Signed-off-by: David Howells <dhowells@redhat.com>
cc: Marc Dionne <marc.dionne@auristor.com>
cc: Christoph Hellwig <hch@lst.de>
cc: Matthew Wilcox <willy@infradead.org>
cc: Theodore Ts'o <tytso@mit.edu>
cc: linux-afs@lists.infradead.org
Link: https://lore.kernel.org/r/20221113162902.883850-1-hch@lst.de/ [1]
Link: https://git.kernel.org/pub/scm/linux/kernel/git/torvalds/linux.git/commit/?id=80a2ea9f85850f1cdae814be03b4a16c3d3abc00 [2]
---
fs/afs/dir.c | 1 +
fs/afs/file.c | 3 +-
fs/afs/write.c | 63 +++++++++++++++++++++++----------------------
include/linux/writeback.h | 1 +
mm/page-writeback.c | 3 +-
5 files changed, 38 insertions(+), 33 deletions(-)
Comments
On Fri, Nov 18, 2022 at 10:37:35AM +0000, David Howells wrote:
> A hint flag is added to the writeback_control struct so that a filesystem
> can say that the write is triggered by write_begin seeing a conflicting
> write. This causes do_writepages() to do a single pass of the loop only.
Not a huge fan of that, especially as write_begin is not really a
method, but just an awkward hook in legacy write implementations.
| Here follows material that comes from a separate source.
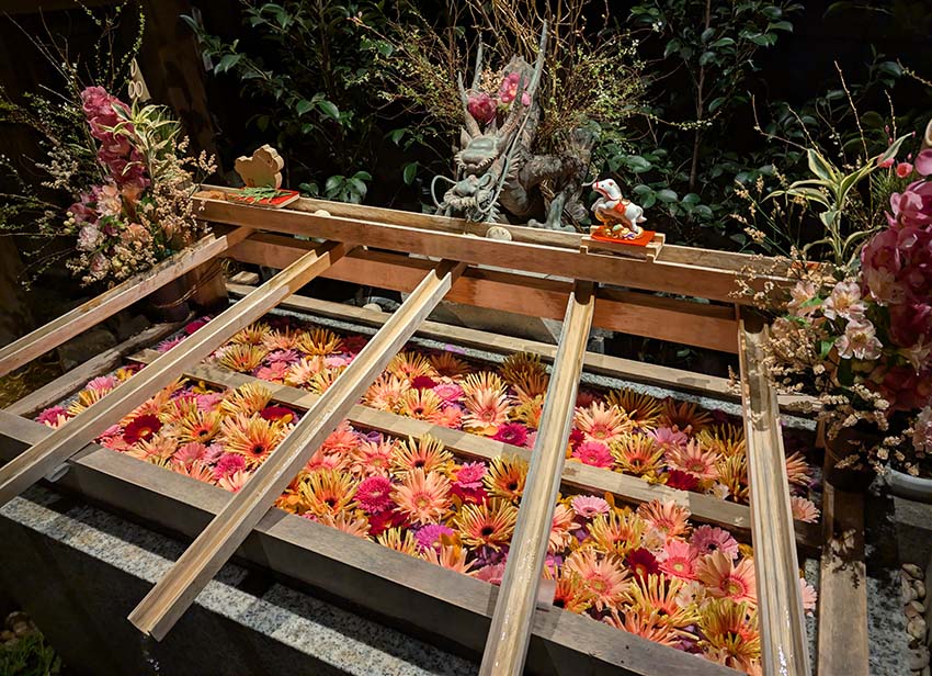 1月16日から、フラワーアーティスト高橋弘実氏による花手水「宝石の煌き花手水〜愛の輝き〜」が始まりました。ガーネットの宝石をフラワーアートで表現しています。ピンクから赤へのグラデーションで、美しく神秘的な愛の煌きが華やかに演出されています。1月22日までです。

I'd much rather have a private pointer in the writeback_control and
make the behavior implementation specific. It will need to be split
into a separate patch with proper documentation and a CC to linux-mm.
> (1) afs_write_back_from_locked_folio() could be called directly rather
> than calling filemap_fdatawrite_wbc(), but that would avoid the
> control group stuff that wbc_attach_and_unlock_inode() and co. seem to
> do. Do I actually need to do this?
That would be much preferred over the for_write_begin hack, given that
write_begin really isn't a well defined method but a hacky hook for
legacy write implementations.
> (2) afs_writepages_region() has a loop in it to generate multiple writes.
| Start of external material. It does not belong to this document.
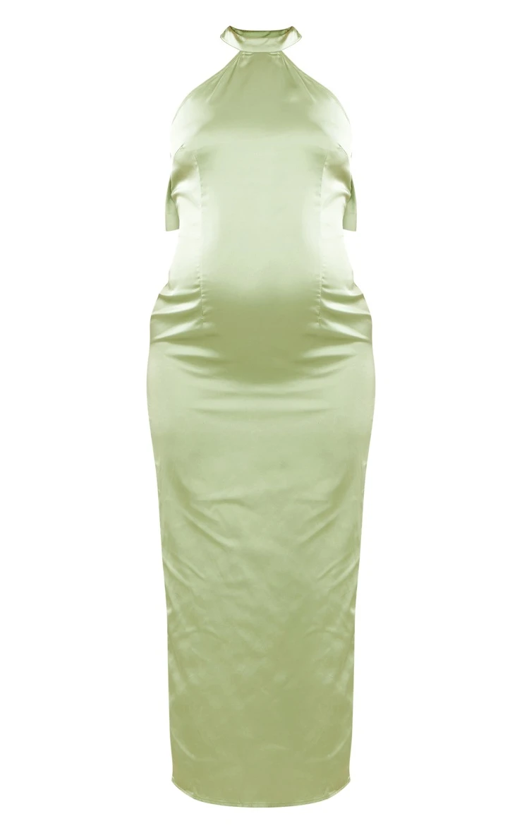 Get ready to show off your bump with this figure-worshipping maternity sage satin maxi dress. This maxi dress is brought to you in a sage satin material that is bringing all the luxe vibes this season. With a maxi length, you won’t be able to resist. Team with some clear eels and your fave accessories to have heads turning for all the right reasons, it’s a yes from us.

> do_writepages() also acquired a loop[2] which will also generate
> multiple writes. Should I remove the loop from
> afs_writepages_region() and leave it to the caller of ->writepages()?
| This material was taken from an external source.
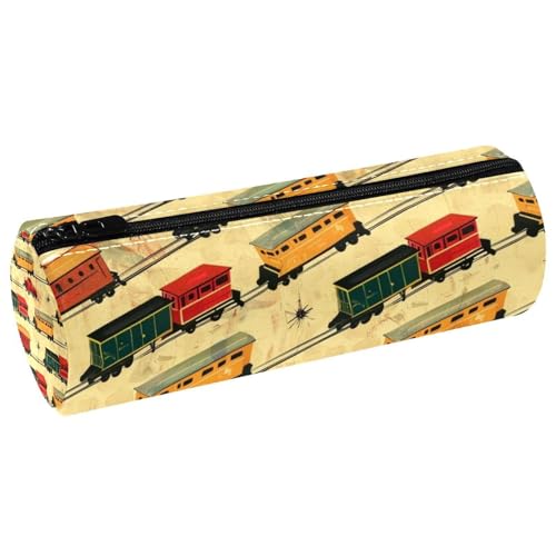 VAPOKF Trousse à crayons avec imprimé train on the road - En cuir synthétique - Trousse de maquillage pour femmes, filles, garçons, enfants - Fournitures scolaires et de bureau, multicolore

Dropping out of ->writpages inside a page does seem a bit problematic,
so you probably want to keep the loop.
Christoph Hellwig <hch@lst.de> wrote:
> > (1) afs_write_back_from_locked_folio() could be called directly rather
> > than calling filemap_fdatawrite_wbc(), but that would avoid the
> > control group stuff that wbc_attach_and_unlock_inode() and co. seem to
> > do. Do I actually need to do this?
>
> That would be much preferred over the for_write_begin hack, given that
> write_begin really isn't a well defined method but a hacky hook for
> legacy write implementations.
So I don't need to worry about the control group stuff? I'll still need some
way to flush a conflicting write whatever mechanism is being used to write to
the page cache.
David
On Mon, Nov 21, 2022 at 08:28:57AM +0000, David Howells wrote:
> > That would be much preferred over the for_write_begin hack, given that
> > write_begin really isn't a well defined method but a hacky hook for
> > legacy write implementations.
>
> So I don't need to worry about the control group stuff? I'll still need some
> way to flush a conflicting write whatever mechanism is being used to write to
> the page cache.
cgroup is used for throttling writeback. If you need to flush conflicting
writes I can't see how interacting with the cgroups benefits anyone.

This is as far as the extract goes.